Theoretical Biology and Biophysics, Los Alamos National Laboratory, Los Alamos, NM, USA.
Mol Biol Evol. 2024 Jan 3;41(1). doi: 10.1093/molbev/msad282.
When the time of an HIV transmission event is unknown, methods to identify it from virus genetic data can reveal the circumstances that enable transmission. We developed a single-parameter Markov model to infer transmission time from an HIV phylogeny constructed of multiple virus sequences from people in a transmission pair. Our method finds the statistical support for transmission occurring in different possible time slices. We compared our time-slice model results to previously described methods: a tree-based logical transmission interval, a simple parsimony-like rules-based method, and a more complex coalescent model. Across simulations with multiple transmitted lineages, different transmission times relative to the source's infection, and different sampling times relative to transmission, we found that overall our time-slice model provided accurate and narrower estimates of the time of transmission.

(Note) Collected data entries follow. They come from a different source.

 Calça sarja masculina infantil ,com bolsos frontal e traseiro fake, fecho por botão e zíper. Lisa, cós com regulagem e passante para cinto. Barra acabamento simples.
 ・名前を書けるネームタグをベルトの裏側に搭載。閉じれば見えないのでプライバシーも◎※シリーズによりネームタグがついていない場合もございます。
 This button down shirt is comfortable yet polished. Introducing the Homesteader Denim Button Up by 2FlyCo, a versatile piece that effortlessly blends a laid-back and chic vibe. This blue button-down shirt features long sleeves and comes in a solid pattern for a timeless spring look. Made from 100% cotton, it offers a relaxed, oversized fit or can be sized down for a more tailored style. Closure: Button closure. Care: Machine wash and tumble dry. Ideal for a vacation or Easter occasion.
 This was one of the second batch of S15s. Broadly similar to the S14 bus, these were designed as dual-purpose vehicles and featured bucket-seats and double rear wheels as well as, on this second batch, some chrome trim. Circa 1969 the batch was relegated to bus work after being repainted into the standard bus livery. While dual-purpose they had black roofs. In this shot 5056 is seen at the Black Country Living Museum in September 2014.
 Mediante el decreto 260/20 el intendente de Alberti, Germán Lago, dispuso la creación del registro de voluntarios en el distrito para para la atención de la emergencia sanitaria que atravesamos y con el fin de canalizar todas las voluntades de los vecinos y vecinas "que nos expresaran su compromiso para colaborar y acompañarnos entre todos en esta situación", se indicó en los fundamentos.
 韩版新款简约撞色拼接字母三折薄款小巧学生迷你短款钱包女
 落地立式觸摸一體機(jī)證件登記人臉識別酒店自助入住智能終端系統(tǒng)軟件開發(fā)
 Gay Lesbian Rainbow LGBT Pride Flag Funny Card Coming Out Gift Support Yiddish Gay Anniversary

We also identified situations when transmission time or direction was difficult to estimate by any method, particularly when transmission occurred long after the source was infected and when sampling occurred long after transmission. Applying our model to real HIV transmission pairs showed some agreement with facts known from the case investigations. We also found, however, that uncertainty on the inferred transmission time was driven more by uncertainty from time calibration of the phylogeny than from the model inference itself. Encouragingly, comparable performance of the Markov time-slice model and the coalescent model-which make use of different information within a tree-suggests that a new method remains to be described that will make full use of the topology and node times for improved transmission time inference.

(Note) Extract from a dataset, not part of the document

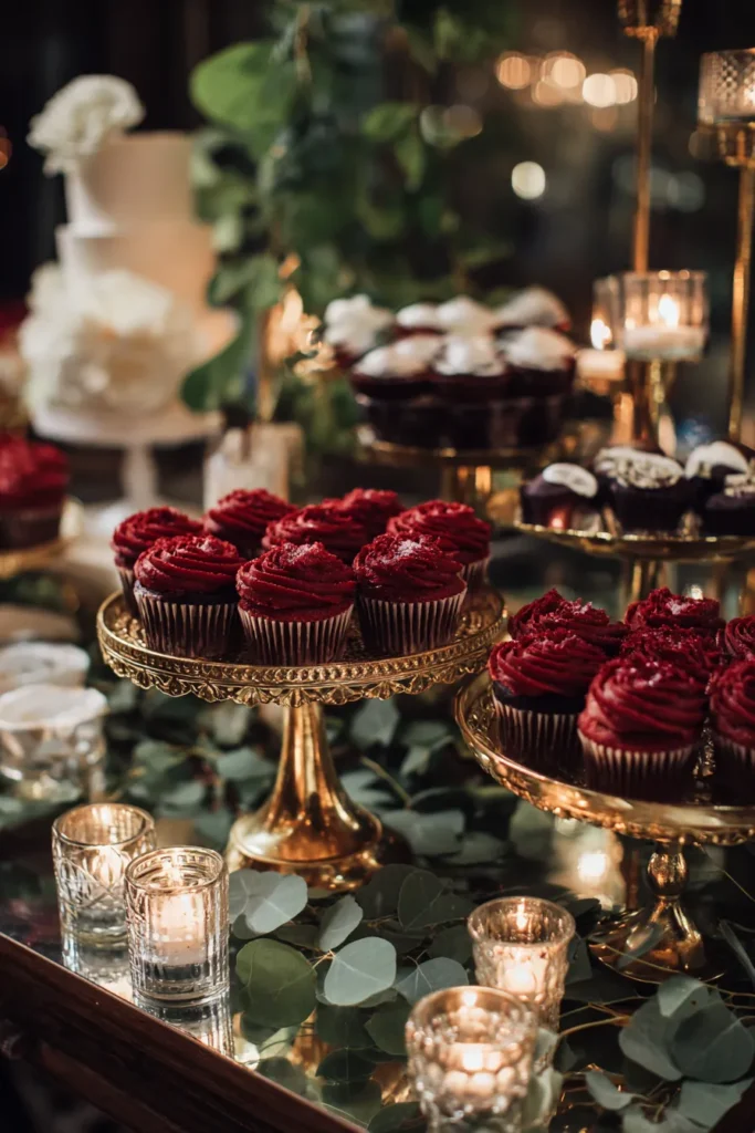 This dessert display is a feast for the eyes, showcasing a beautiful deep red and warm gold color palette for a truly opulent yet cozy winter celebration. Rich red velvet cupcakes with generous frosting are the star, arranged elegantly on raised gold pedestals and trays. The table features lots of shimmering details like gold votive holders and clear glass to reflect the warm candlelight, and soft eucalyptus greenery is woven throughout to add a fresh, natural contrast. A large white floral arrangement and cake stand peek out in the background, completing this lush and inviting dessert bar.
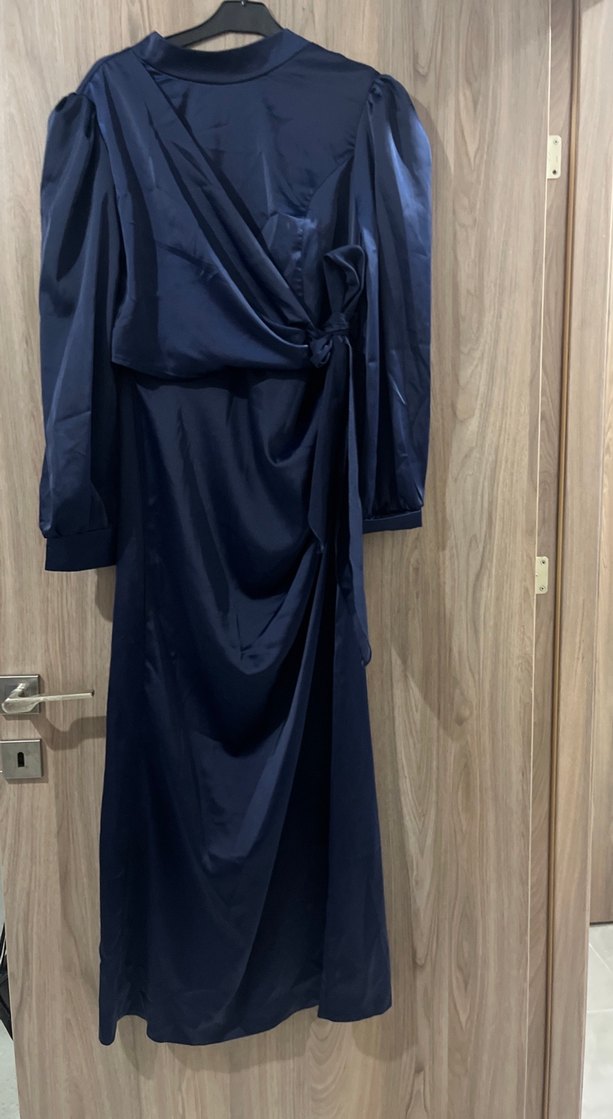 Drapeli Lacivert Uzun yandan baglamalı Kadın elbise

当 HIV 传播事件的时间未知时,从病毒遗传数据中识别它的方法可以揭示传播的情况。我们开发了一种单参数马尔可夫模型,从来自传播对中的多个人的病毒序列构建的 HIV 系统发育中推断传播时间。我们的方法找到了在不同可能的时间片中发生传播的统计支持。我们将我们的时间片模型结果与以前描述的方法进行了比较:基于树的逻辑传播间隔、基于简单简约的规则的方法和更复杂的合并模型。在具有多个传播谱系、相对于源感染的不同传播时间以及相对于传播的不同采样时间的模拟中,我们发现总体而言,我们的时间片模型提供了传播时间的准确且更窄的估计。我们还确定了任何方法都难以估计传播时间或方向的情况,特别是当传播发生在源感染很久之后且采样发生在传播很久之后。将我们的模型应用于实际的 HIV 传播对显示出与从案例调查中得知的事实有些吻合。然而,我们还发现,推断出的传播时间的不确定性更多地是由系统发育时间校准的不确定性引起的,而不是由模型推断本身引起的。令人鼓舞的是,马尔可夫时间片模型和合并模型的性能相当-它们利用了树中的不同信息-表明仍需要描述一种新方法,以便充分利用拓扑结构和节点时间来改进传播时间推断。